* [TASK DESCRIPTION]
Could the data below be retyped exactly, without its pictures?

* [DATA EXTRACT]
━━━━━━━━━━━━━━━━━━━━━━━━━━━━━━

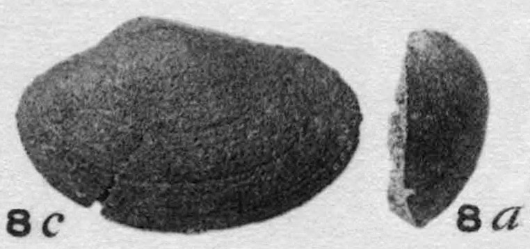 Левая створка раковины. c - вид с наружной стороны; a - вид сбоку.
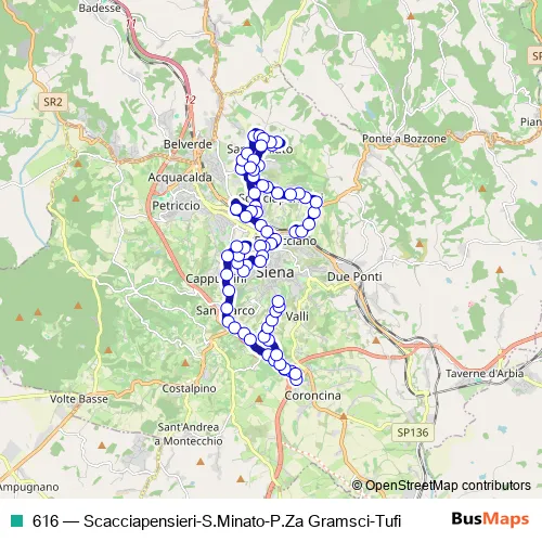Bus 616 - Scacciapensieri-S.Minato-P.Za Gramsci-Tufi: Full Schedule in Siena
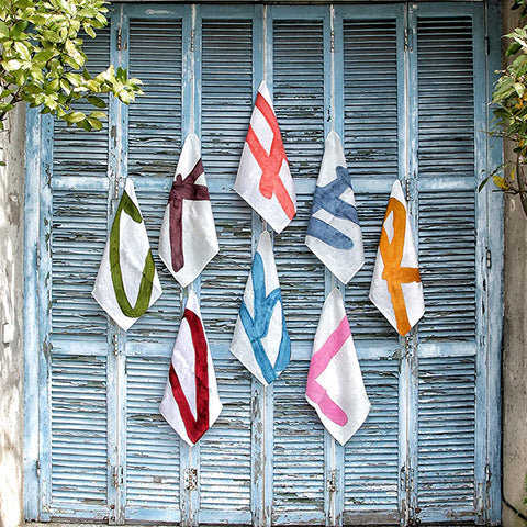 Luxury napkins to match all our signature tablecloth designs: from handprinted, to classic florals and modern designs perfect for everyday entertaining. Whatever you're after (be it white linen napkins with delicate patterns or brighter and more colourful designs - think pink linen napkins, blue linen napkins, rainbow napkins, frivolous florals) we promise not to disappoint. Feel free to browse our luxurious napkin range to your heart's content.

━━━━━━━━━━━━━━━━━━━━━━━━━━━━━━

* [TASK RESPONSE]
 Левая створка раковины. c - вид с наружной стороны; a - вид сбоку.
Bus 616 - Scacciapensieri-S.Minato-P.Za Gramsci-Tufi: Full Schedule in Siena
 Luxury napkins to match all our signature tablecloth designs: from handprinted, to classic florals and modern designs perfect for everyday entertaining. Whatever you're after (be it white linen napkins with delicate patterns or brighter and more colourful designs - think pink linen napkins, blue linen napkins, rainbow napkins, frivolous florals) we promise not to disappoint. Feel free to browse our luxurious napkin range to your heart's content.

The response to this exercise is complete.